The great garbage fire debate: Should we be burning our trash into energy?

Other countries convert incinerated waste into electricity and heat. Could this help our trash crisis?

Published January 2, 2017 9:30PM (EST)

 (Getty/Peter Macdiarmid)
(Getty/Peter Macdiarmid)

Earlier this year, a video explaining Sweden’s efficient trash burning system made the Facebook rounds, touting a shocking statistic: less than one percent of this country’s household waste ends up in a landfill. Instead, much of it is incinerated and converted into usable electricity and heat via waste-to-energy plants. In the U.S., the clip left the social media community scratching its collective head, and asking: Why aren’t Americans burning more of our own garbage?

Considering we’re in the midst of a trash crisis, it’s a good question. Every year, humans generate more than a billion tons of solid waste, and that number will be closer to 4 billion by 2100. In America, each of us throws away more than seven pounds of garbage a day. In other words: we’re surrounded by rubbish, and because our population is on the rise, the problem is set to get worse.
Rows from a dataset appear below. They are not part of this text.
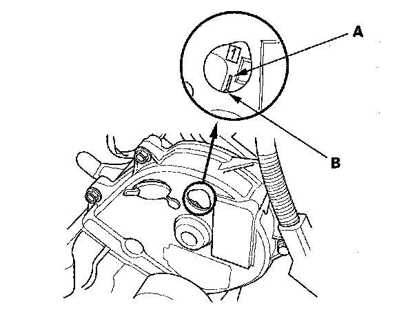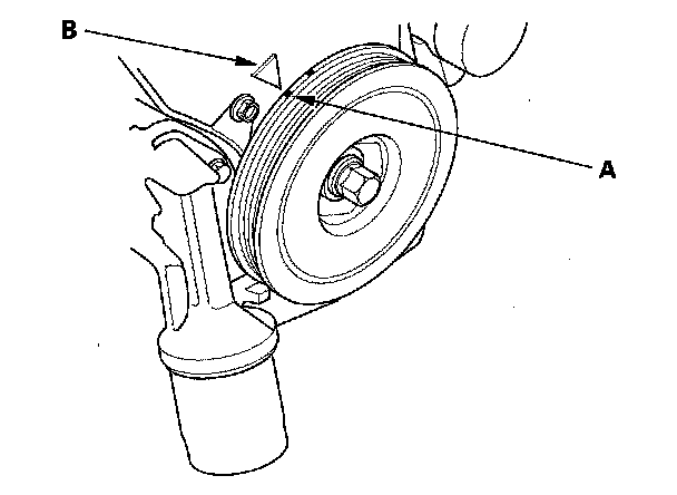 2. Turn the crankshaft so its white mark (A) on the crankshaft pulley lines up with the pointer (B).
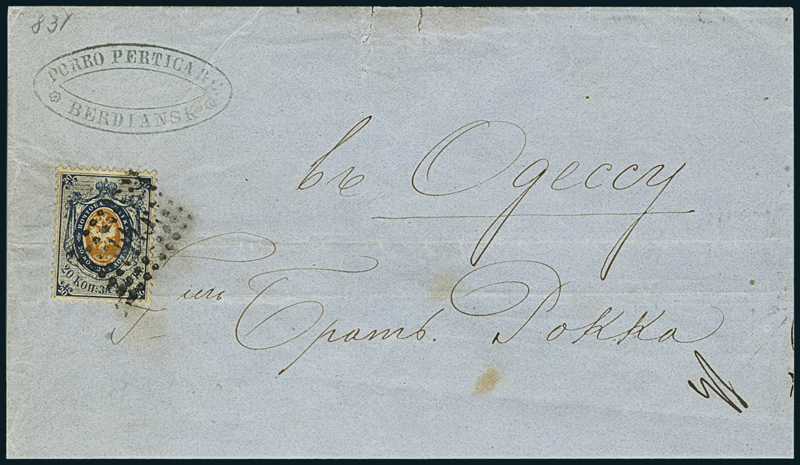 1858, 20k. blue, group of one cover dated November 14, 1860 to Odessa, bearing single franking of this value (horizontal crease) tied by dotted square, as well as three stamps in two different shades including one elusive cancellation in blue. A very scarce and difficult assembly. Cert. Enzo Diena. Mi. 3.
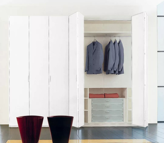 門扇通過旋轉(zhuǎn)或折疊后旋轉(zhuǎn),最終隱藏于柜體中,柜體可以打開至全開狀態(tài),柜內(nèi)一覽無余。不使用時只需將折疊門一關(guān),整個廚房都被隱藏,還你一個整潔明亮的空間。此款推拉門五金系統(tǒng)同樣可以應(yīng)用于臥室,打造出一個可以隨時隱身的衣帽間或者小書房。
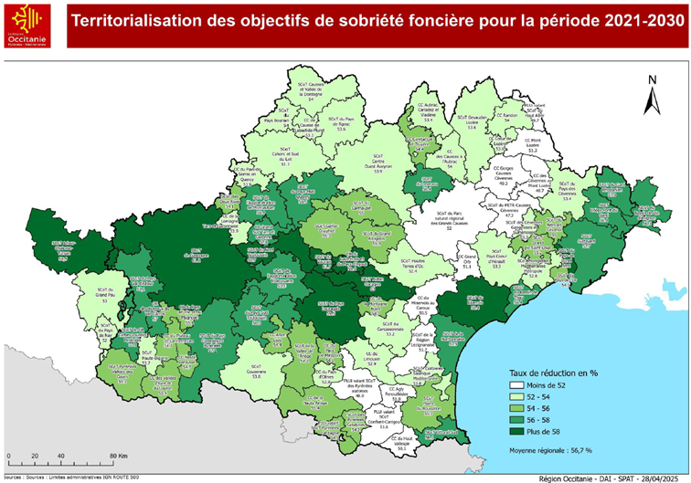 François Lamalle de la DREAL Occitanie a rappelé le cadre législatif issu de la loi Climat et Résilience et présenté plusieurs projets et propositions de loi pour le faire évoluer : aucun de ces projets n'est à ce jour sur le point d'aboutir. Il a ensuite rappelé les principes de déclinaison des objectifs dans les documents de planification à partir du SRADDET Occitanie modifié, approuvé le 11 juillet 2025. Celui-ci donne des objectifs de sobriété foncière différenciés pour chaque territoire de SCOT, qui sont à décliner dans les SCOT avant le 22/02/2027, puis dans les PLU(i) et cartes communales avant le 22/02/2028.
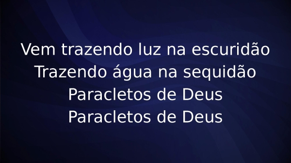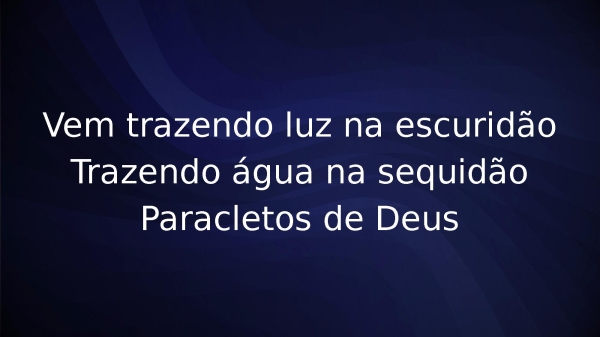 - Vem trazendo luz na escuridãoTrazendo água na sequidãoParacletos de Deus
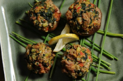Add onions, chopped mushroom stems, celery, garlic and pimentos and cook for another 4 minutes. Add spinach and cook for another 2 minutes.
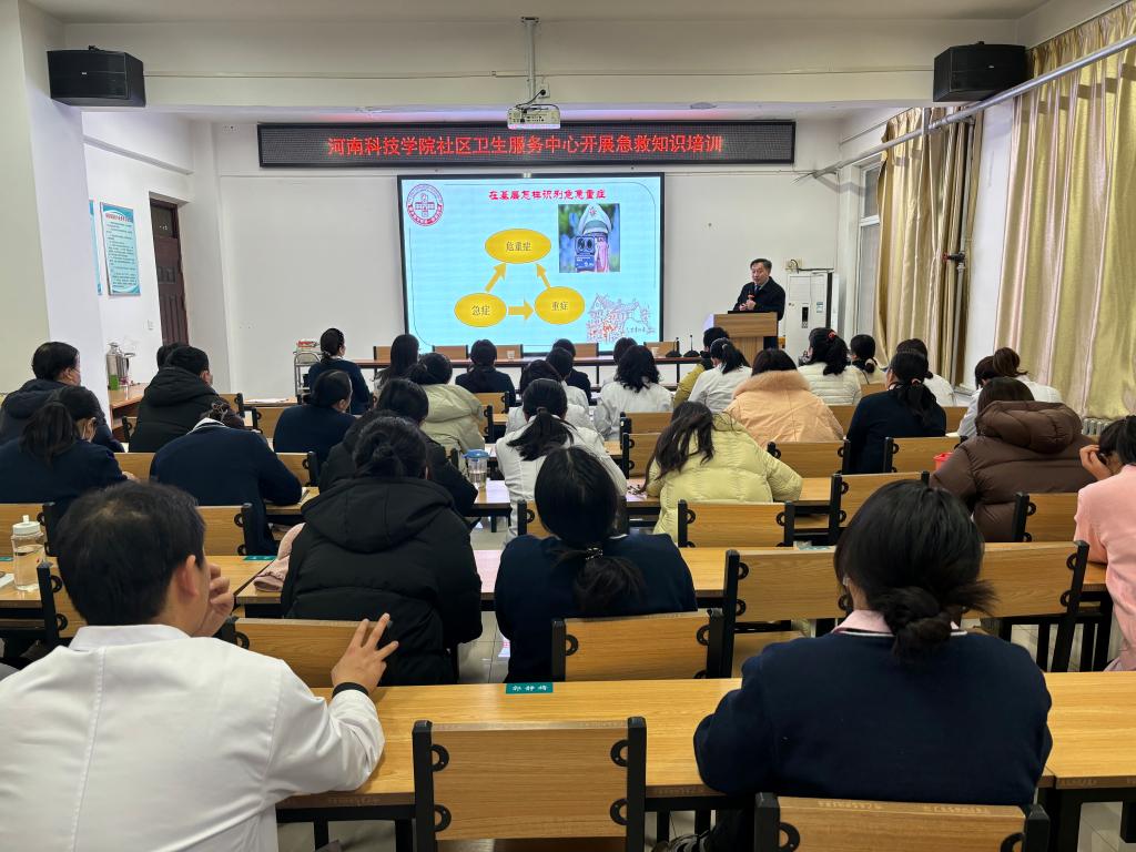 为进一步提升我院急救技术水平,1月18日下午,校医院邀请新乡医学院第一附属医院急诊科石金河主任,为我院职工开展急救知识培训,校医院全体人员参会。

Today, most of our garbage makes its way into one of America’s 3,500 landfills, but this isn’t a sustainable solution. The trash here doesn’t biodegrade as quickly as experts predicted back in the '30s when the first underground garbage heap was given a test run in California. In fact, much of it mummifies. In 1992, the New York Times reported on a portion of in-tact guacamole retrieved from a landfill 25 years after being thrown out. In the meantime, the landfill trash that does disintegrate leeches toxins like arsenic and lead into groundwater supplies, while greenhouse gases (primarily methane) are released into the atmosphere, expediting the climate change that’s set to displace hundreds of millions of people. At the same time, for their role in driving this climate change, fossil fuels are increasingly becoming fuel source non-grata. We need a new way to power the planet.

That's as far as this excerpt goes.